Throughout the entirety of this project’s existence, I’ve been a frequent lurker and… not-always-so-frequent poster in a thread over at the Canadian Public Transit Discussion Board, which by the way is a pretty cool site and an invaluable resource (especially the wiki) for anyone who wants to know more about North American public transportation. The thread in question, called “Anyone create their own transit system?” and being about exactly what you’d think based on the title, has been around a lot longer than I’ve been posting there (I first posted in it during December of 2012), and is in fact what originally sparked the idea of the whole Valocea thing in the first place. As I detail out in my history post, the idea of creating a fictional transit system had a lot of appeal, but of course, I needed somewhere to put it, so I started thinking up a city, which needed to exist somewhere in the real world, so I made up a US state, and then finally I realized that for my fictional place to be part of the US meant there’d be way too many constraints on it. Thus, the country of Valocea was born, and the project expanded far beyond what I thought it would originally be. Not that this is a bad thing; I’ve enjoyed all the time I’ve spent on it and intend to follow through with the idea of creating the entire country, not just one city and a transit system, in as much detail as I can muster.
That said, with all the mapping and figuring I was doing for the nation as a whole, the original concept – developing one city (Lennvale) and focusing on transit aspects – have received relatively little attention.
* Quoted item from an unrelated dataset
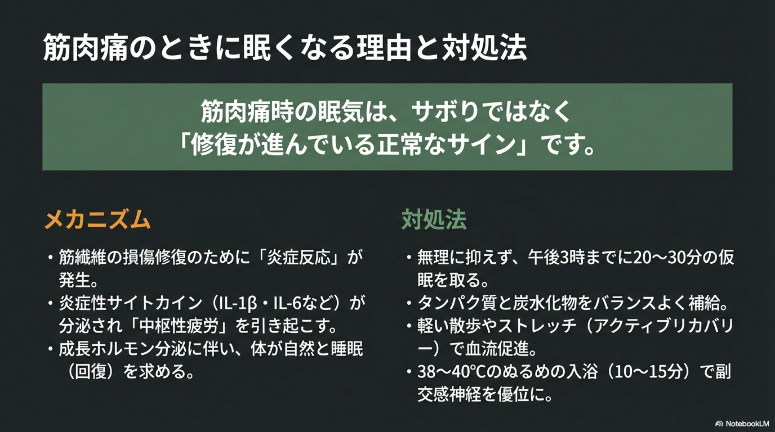 つまり筋肉痛時の眠気は、修復が進んでいるサインと考えることもできます。

Recently, that’s begun to change, as I’ve picked up a “Modern City” add-on for CC3 and begun planning out how I’ll map the city of Lennvale using that. And, at the same time, I’ve been putting together notes on just what rolling stock is used by V-Net, the country’s national rail operator.
Then, a post by Ra’akone, one of the regulars in that thread, about his fascinating “future city/transit system” called Nu’u-Sara, got me thinking about this even more. In the post, he described Nu’u-Sara’s character by way of citing real Earth cities and locations that parts of his city would resemble, or that served as inspiration. I really appreciated this post, not only because it got me thinking about my own project in this way, but also because it made it possible to “see” his city a little bit better than I had before.
So I decided to put together something similar, which you can read below. This post is devoted to discussing the city of Lennvale, and trying to impart to the reader a better sense of how I envision it in my head, the kind of “feel” I want it to have as a city. Because it’s also something I’ve been thinking about lately, and because Ra’akone also dropped a few more details about makeup of his rail vehicle fleet in his post, I’ll also make a separate post for the transit and rail stuff, which will go up sometime after this one. Naturally, this all ended up being somewhat longer than I had originally intended, which should surprise no one who knows me very well.
First, for reference purposes, here is the latest full map of Valocea, which I recently posted. Lennvale is located in the Pascale region, just to the right of the center of the map (near the east terminus of that channel that bisects the mainland), occupying the large peninsula on the Sounto Sound. Here is an image that zeros in on Lennvale:
The city limits are indicated by that orangeish-yellow overlay on top of the southeastern section of mainland there (and includes the three closest islands that also have that transparent color on them). Now, this area isn’t completely done – I will definitely be adding more rivers, possibly some more hills or mountains, and the exact shape of the city limits along the western border may change. That said, it’s not going to change drastically, so this should remain pretty accurate going forward.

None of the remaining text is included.